"His foe was folly and his weapon wit"
About this Quote
The line’s elegance is its subtext. By casting folly as an “foe,” Hope personifies irrationality as something organized and aggressive, always advancing. By naming “wit” as the “weapon,” he elevates intelligence into action: wit isn’t mere cleverness, it’s a form of resistance. That matters in late-Victorian and Edwardian culture, when satire and social comedy served as acceptable ways to puncture hypocrisy without openly revolting against class order. Wit becomes the socially permitted blade.

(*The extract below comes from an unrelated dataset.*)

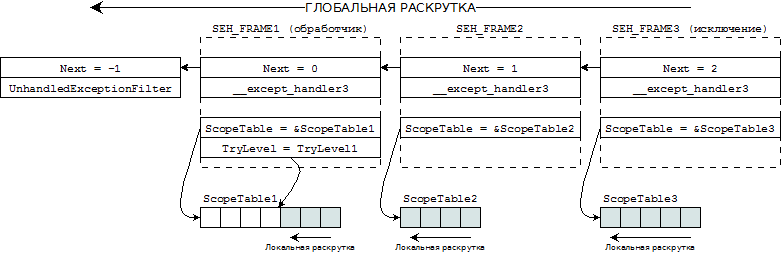 Возвращаясь к функции __execute_handler3, теперь становятся понятными её действия, в случае определения факта раскрутки. Так, единственное что она делает, это вызывает функцию локальной раскрутки __local_unwind2, параметрами которой служат текущий фрейм и TryLevel = -1, соответствующий выполнению полной локальной раскрутки. После этого, функиця RtlUnwind переходит с следующему фрейму обработчика исключений, а обработанный только что фрейм удаляет с вершины списка (FS:[0]).

There’s also an affectionate irony. Fighting folly with wit implies you’ll never run out of enemies; human life keeps supplying them. The hero here isn’t sanctified as noble in the grand sense, but as agile, observant, and unwilling to let nonsense pass unchallenged. It’s a compact manifesto for the writer’s job: if you can’t always change the system, you can at least make it blush.
Quote Details
| Topic | Witty One-Liners |
|---|---|
| Source | Help us find the source |
| Cite |
Citation Formats
APA Style (7th ed.)
Hope, Anthony. (2026, January 15). His foe was folly and his weapon wit. FixQuotes. https://fixquotes.com/quotes/his-foe-was-folly-and-his-weapon-wit-114353/
Chicago Style
Hope, Anthony. "His foe was folly and his weapon wit." FixQuotes. January 15, 2026. https://fixquotes.com/quotes/his-foe-was-folly-and-his-weapon-wit-114353/.
MLA Style (9th ed.)
"His foe was folly and his weapon wit." FixQuotes, 15 Jan. 2026, https://fixquotes.com/quotes/his-foe-was-folly-and-his-weapon-wit-114353/. Accessed 12 Feb. 2026.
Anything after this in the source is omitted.